Bir de duymaz mıyım bizim ahşap evin külkedisi Tekin Teğmen’den ders alıyormuş diye. Yüreğime sanki bir kor düştü. İçime doğmuştu,  bu işin sonunun foto romanlık olacağı. Offf çekememezlik bu olsa gerek.

Bir süre sonra mahallede dedikodular aldı yürüdü. Sonra da dedikodular gerçeğe doğru yol almaya başladı. Sene sonu yaklaştıkça, sınavların sayısı arttıkça, özel derslerin sayısı da artıyor, aşkın kokusu da tüm mahalleye yayılıyordu. Bizim kül kedisi prensese dönüşüyordu.

Artık okulların kapanmasına yakın, mahalleli düğün bekler olmuştu. Mahallenin kızları kıskansa da külkedisini, düğün için BURDA dergileri ellerinde elbise modelleri seçiyorlardı. Tekin Teğmeni kaptırmışlardı ama Tekin Teğmen’in arkadaşları düğünde olacaktı. Bir umut daha vardı yani.

Nereden de aklıma geldi o yıllar, o eski mahallem, o ahşap ev, Tekin Teğmen,  ahh o çocukluk anıları…

O ahşap evin külkedisini gördüm geçen gün,  Bandırma’ da.  Yine saçları uzundu ama o gür saçlar biraz zayıflamış,  boyayla renklendirilmiş, canlılığını yitirmiş.  Biraz da kilo almış kendisi. Ama yine güzel, hani derler ya mihrap yerinde.

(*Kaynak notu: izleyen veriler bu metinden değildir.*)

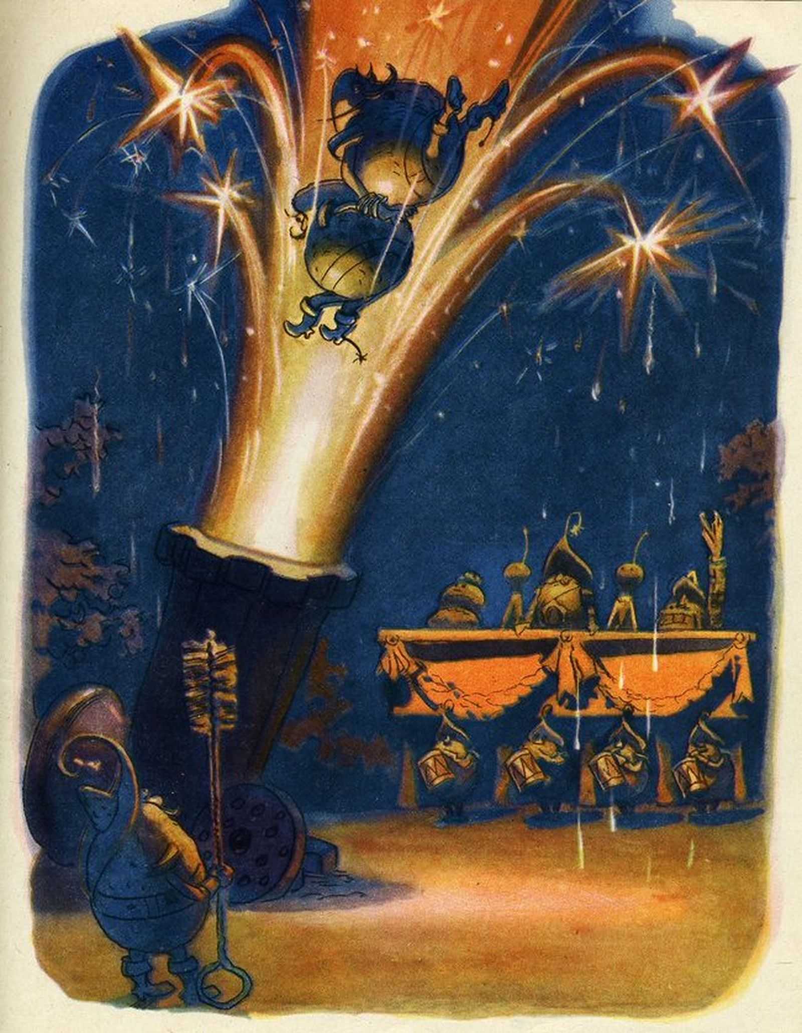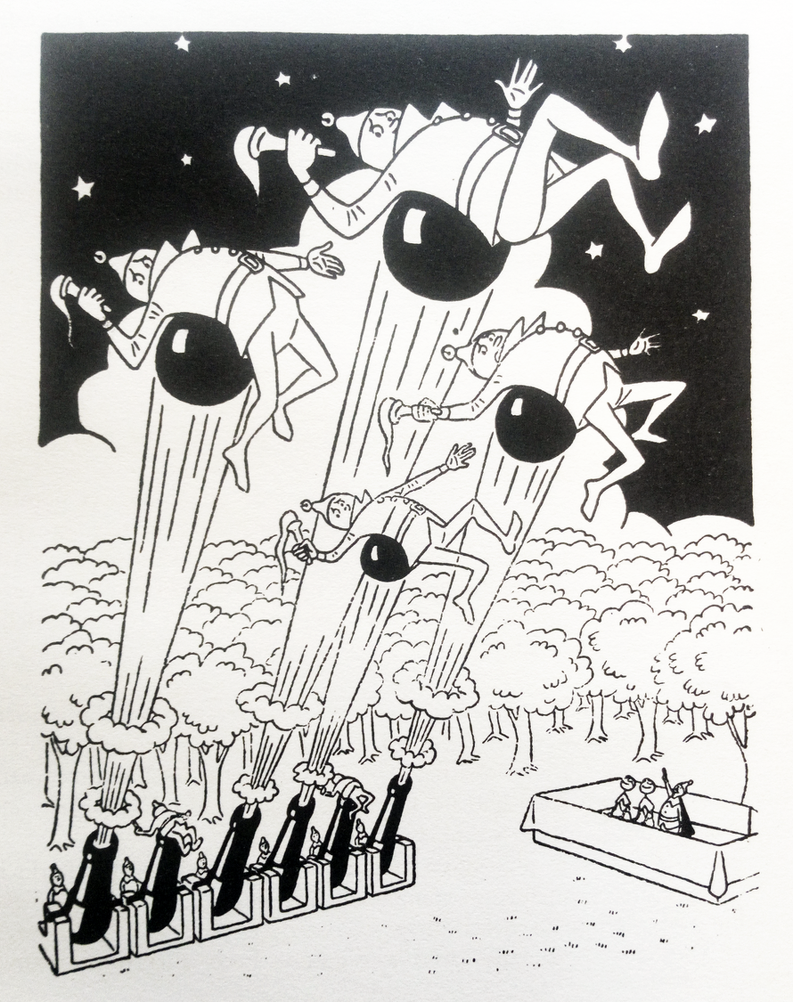«Принц Лимон устроил в лесу фейерверк, чтобы развлечь графинь. Фейерверк у него был особенный. Он связывал своих солдат-Лимончиков и стрелял ими из пушки вместо ракет. Ему казалось это очень забавным зрелищем», 1951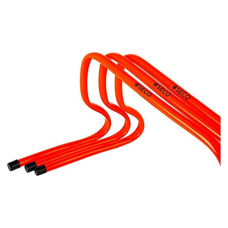 Бар'єр для бігу тренувальний Seco - помаранчевий, 30 см (18030406)призначений для спортсменів, які бажають покращити свою фізичну форму. Виготовлений бар'єр із міцного пластику, та пофарбований у яскравий помаранчевий колір, завдяки якому його добре видно навіть у темну пору доби. Діаметр бар'єру складає 3 см, висота 30 сантиметрів. Для ефективного тренування краще використати кілька бар'єрів. Для заняття бар'єри розставляють на біговій доріжці, спортсмен веде м'яч і перестрибує через бар'єри. За рахунок такого тренування у футболістів розвивається уважність, спритність та стійкість.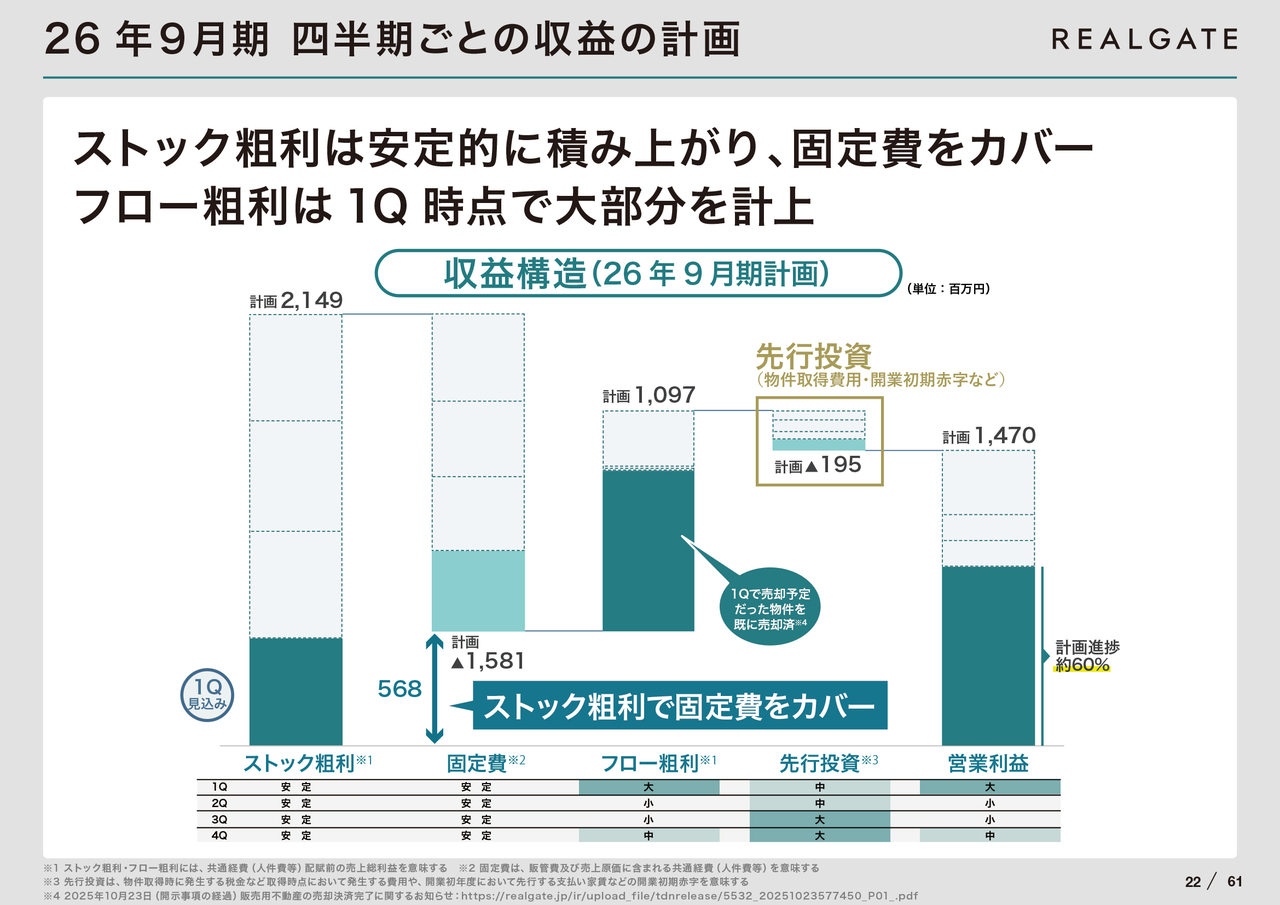 四半期ごとの収益計画です。ストック粗利が安定的に積み上がることで固定費をカバーする一方で、フロー粗利は第1四半期時点で大部分を計上します。

Beni mi merak ettiniz, ben hala çocuk ruhumla geziyorum ortalarda.  Ama yüzümdeki çizgiler artmış, saçlarım hala kısacık, dilim yine pabuç.  Sanki çıkıp gelse arkadaşlarım,  oynarım onlarla futbol da, cicoz da vallahi.  Çivilerimi atarım çamurlara, keşke annemde hayatta olsa da, o da terliklerini atsa yine bana.

O, yani külkedisi tanımadı beni tabi ki. Benim gibi bir erkek Fatma’yı, kısa pantolonlu beni,  nereden hatırlasın ki.

-Siz o ahşap evde oturuyordunuz, dedim.

Şaşırdı, biraz duraksadı, anladım anılara gönderdim onu hunharca, öç alırcasına.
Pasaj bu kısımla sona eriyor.